I've been trying to write my own implementation of STL's containers for practice and I'm having some trouble deallocating my elements. I've created a simple Array
class which is basically a wrapper for the standard C++ array. The big change I've been trying to implement is allowing the arrays to be initialized if they don't have a default constructor (I know Vectors can do this but I wanted to practice implementing it).
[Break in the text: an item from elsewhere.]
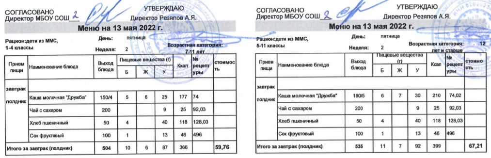 (Меню для детей из ММС, 1-11 классы, РП на 13 мая 2022 года)

Because of this feature, I can't use new
so I have decided to have the container use an Allocator like the standard STL containers. The Array
looks a little like this:
template<class T, class A = std::allocator<T>> class Array {
public:
// STL definitions and iterators...
/// initializes an array of size elements with all elements being
/// default constructed.
Array(const size_type &size) : Array(size, T()) {
}
/// Initializes an array of size elements with all elements being
/// copies of the fill element.
Array(const size_type &size, const T &fill) {
this->allocator = A(); // Get allocator from template
this->size = this->max_size = size;
// Allocate data array and copy the fill element into each
// index of the array.
this->data = this->allocator.allocate(size);
this->allocator.construct(this->data, fill);
}
/// Deletes the array and all of its elements.
~Array() {
// deallocate using the allocator
this->allocator.deallocate(this->data, this->size);
}
// other things...
}
To test my Array I created a simple Test class which simply keeps track of the number of instances which exist of it, every time a constructor or copy constructor is called a variable called instance_count
is incremented, and every time a destructor is called the variable is decremented. I then wrote the following method to assert that the Array
was properly creating and destroying elements:
void testArray() {
for (int i = 1; i < 100; i++) {
std::cout << TestObject::instance_count << ", "; // should always == 0
Array<TestObject> testArray(i); // Create array of I elements
std::cout << TestObject::instance_count << ", "; // should == i
}
}
My expected output is 0, 1, 0, 2, 0, 3, 0, 4...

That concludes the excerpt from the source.